Out Of Memory Problems -

I was inspired to write this article by some recent problems with programs failing because they ran out of memory. Understanding the problems proved a little tricky and the 'standard' tools used were slightly misleading.

The Problem

Memory is one of the main resources needed by a computer program, but unfortunately it can be more difficult to deal with than some other resource types. There are three main reasons for this:

Firstly, there are typically lots of requests for memory. Modern programming styles allocate large numbers of dynamic objects from the heap and it is common to count the number of memory allocations in thousands, if not millions. Contrast this with file handles, for example, where a typical program might only open a handful of files. Techniques that involve manually tracking each individual resource may be viable for some types but are rarely effective for memory use.

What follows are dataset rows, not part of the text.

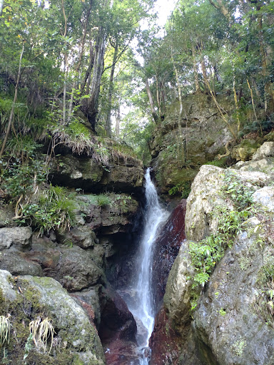 楠本谷川に流れ込む落差10mの段瀑。赤い岩壁の割れ目を流れ落ちています。基本的に前面道路に架かる渡瀬橋から見ることになるが夏場は少し木々が邪魔で見づらい。
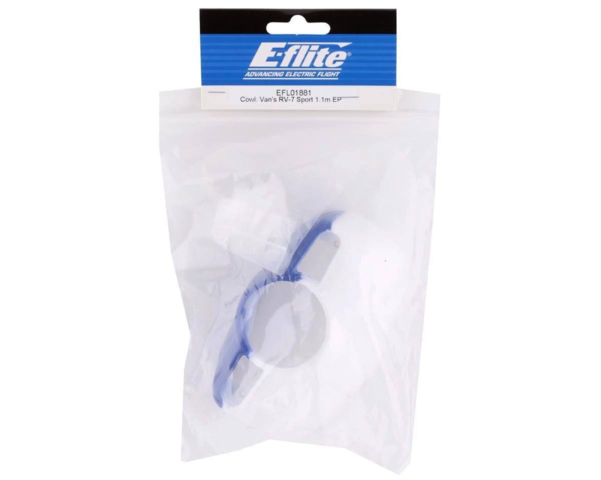 E-flite RV-7 1.1m Cowl. This replacement cowl is intended for the E-flite RV-7 1.1m. Package includes one cowl and mounting hardware.
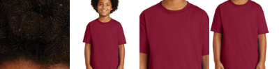 Youth Size, 4.5 oz., pre-shrunk 100% Combed Ringspun Cotton, Shoulder-to-shoulder taping Double-needle stitching throughout Tubular construction
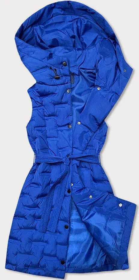 Dlouhá dámská vesta v chrpové barvě s páskem (JIN217)
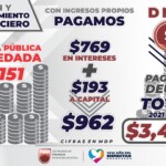 Muestra de lo anterior es que, en esta administración, el saldo de la deuda pública se logró disminuir de 7 mil 151 millones de pesos a 6 mil 573 millones de pesos; se pagó en intereses y a capital cerca de 3 mil 400 millones de pesos.

Secondly, all memory in use looks much the same; if you examine program memory it is normally hard to identify what a particular memory location is being used for and where a particular byte was allocated. Indeed, just finding the boundaries between memory allocated in separate allocation requests is often a hard problem. Again, most resource types do not have this problem; the identifier and contents of the resource usually help with both getting the use of the resource and finding its original allocation, and the boundary of the resource (file handle, TCP/IP connection, etc) is clear.

Finally, behind the scenes, memory is complicated. We're used to dealing with this complication with other resource types and expect to deal with different failure modes. For example, failing to connect to a URL in Java will raise an IOException but the actual runtime type of the exception could be a MalformedURLException, a ProtocolException, a SocketException, an UnknownHostException, etc. This range of exception types helps to differentiate between the various underlying causes for the failure and hence resolve the cause of the error. Not so with memory (at least in the environments I know well) - memory allocation failures all look pretty much the same.

For example, the man page for malloc on many systems says: "If there is an error, returns a NULL pointer and set errno to ENOMEM." Some systems add EAGAIN as an additional value, but this focuses on whether it's worth retrying, not on why the error happened.

There are a number of tools available on most development systems that provide automated memory tracking. This typically adds some runtime overhead and/or uses additional memory when it is being used, but does provide a great deal of help with the first two points (tracking the large number of individual memory allocations). In my experience there's less help with understanding the complexity of memory allocation in cases where this is contributing to the memory issue.

What might out of memory mean?

But surely, you might think, "out of memory" only has one cause - there's no memory left? Alas it isn't that simple, but to understand why not we have to expand a little on memory management.

Application

In most high level languages the application programmers allocate the bulk of their memory implicitly. For example when adding two strings together the runtime library takes care of allocating the memory for the new concatenated string; the runtime library is also responsible for deallocating the memory when the string is no longer required, perhaps using deterministic deallocation when the object goes out of scope or with the help of a garbage collector.

However, either explicitly or behind the scenes, the address of the allocated memory is needed. In most desktop architectures the address is a simple number; in some architectures a more complicated structure, perhaps involving a segment and an offset, may be used. Whatever the actual scheme though, these addresses have a finite range of values.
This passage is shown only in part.